И зачем ему автомобиль, чтоб он себе голову покалечил? Лучше ему на эти деньги в Кракове выучиться на скрипке. При таких похоронах, как в эту войну, у него всегда будет работа.

— И в Краков не поеду!

Илюньчик снова бросает преданный взгляд на Рахиль. Она понимает тайный смысл его возражений и довольно опускает глаза.

— Не хочешь в Краков, можно в Амстердам, к моему дяде Лейбу Гиршу, — великодушно соглашается отец и переводит лукавый взгляд на свою любимицу Цейтл. — А когда мы будем выдавать крошку Цейтл замуж, этот золотой ей тоже пригодится. Да, мое золотко?

— Да, — решительно подтверждает малышка Цейтл, — но я хочу его сейчас.

Отец снова нежно придерживает ее пухлую ручку.

— Сейчас нельзя, моя ненаглядная. Ведь половина принадлежит Илье и пойдет на его учение и на его свадьбу. Тебе придется подождать, пока вырастут проценты.
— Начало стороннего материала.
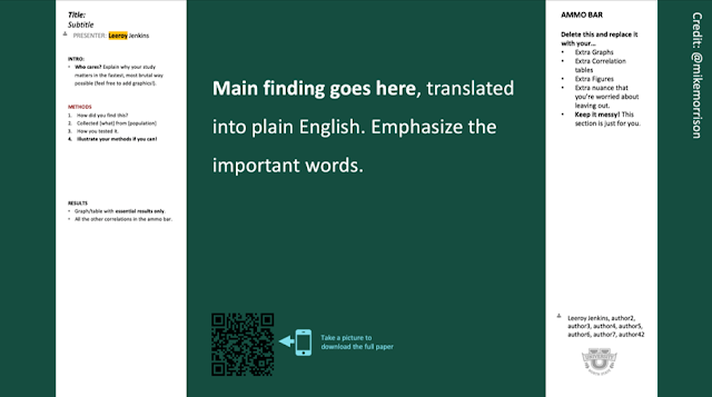 The key to Mike’s poster is that it doesn’t attempt to present a comprehensive picture of the research project. Rather, the intent is to start a conversation between the researcher and the viewer by presenting a single succinct key finding in the centre of the poster. This key finding can be seen from across the room. It is a short sentence in plain English using bold characters to highlight the important words. Additional information is put in the two side columns. Additional information about the project can be accessed via a website (you can even link it to a Dropbox file that includes the associated research paper) using a QR-code as the trigger.
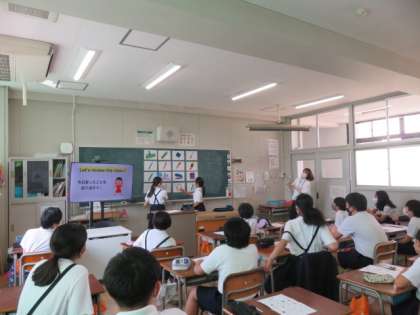 質問に英語で答えたり、英語の指示をしっかり理解して活動したりできたので、中学校の先生にたくさんほめていただきました。 -
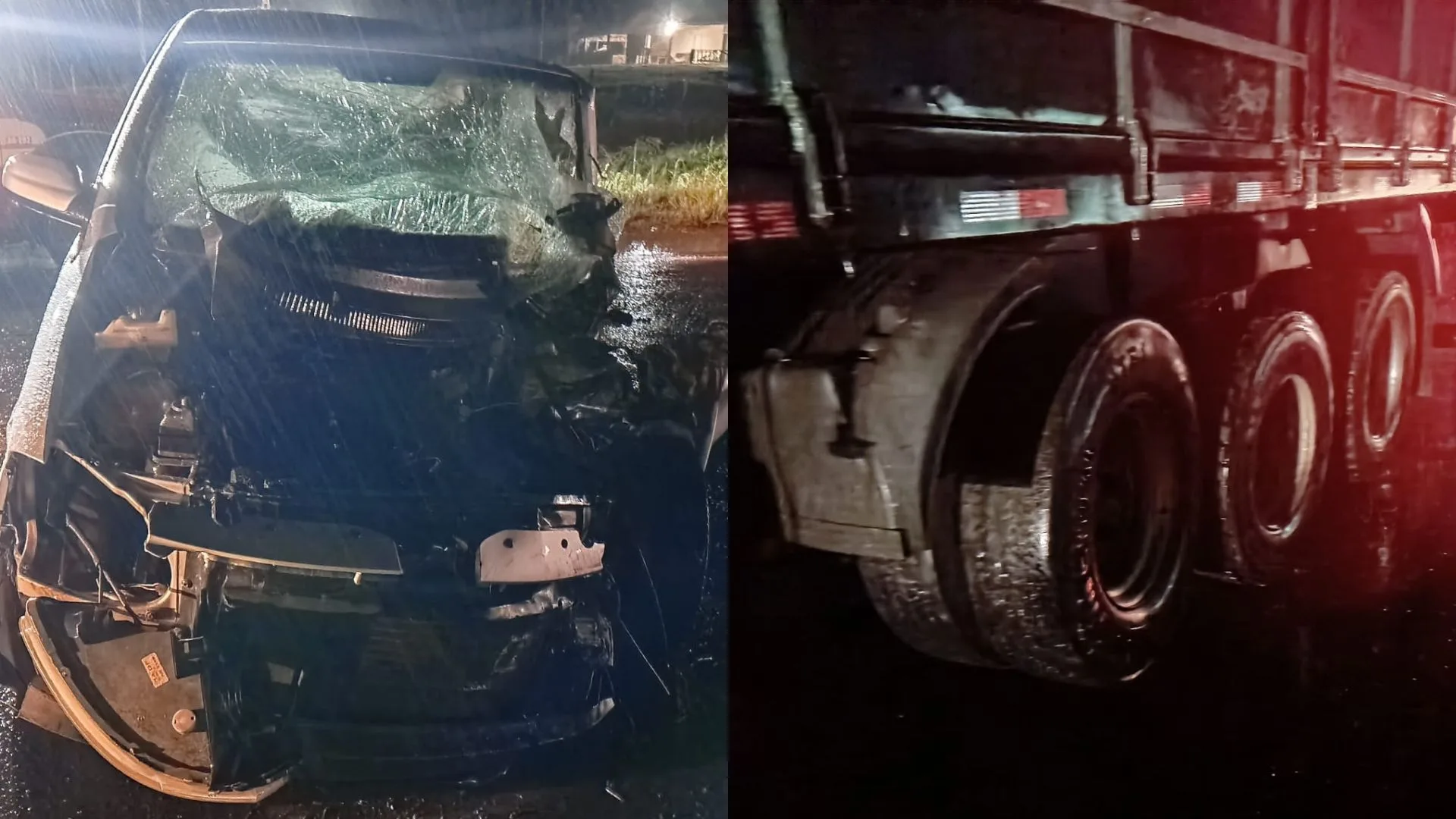 De acordo com os bombeiros, a ocorrência envolveu uma batida frontal entre um carro e um caminhão.

— Аарон до Швейцарии так и не доехал, — рассказывает бабушка Рахиль, моя голого Сёму в корытце. — Он полжизни не решался потратить этот золотой. Уже Илья вырос и стал красным офицером, уже Цейтл выучилась в Киеве на коммунистку, вышла замуж и родила детей, а Аарон все хранил свой золотой… Он был как все на нашей улице, этот Аарон. Рубашку отдаст соседу, но за грош удавится.

— А Исаак? Твой папа?

— Исаак читал Тору и упрямо приставал к Богу с неумным вопросом: почему сгорел дом, почему все время несчастья, если он живет по закону? — Бабушка Рахиль вздыхает. — Он-таки однажды припер Бога к стенке. И тот, видно, потерял терпение. — Бабушка Рахиль грустно качает головой. — Твой прадед так расстроился, что вскоре умер.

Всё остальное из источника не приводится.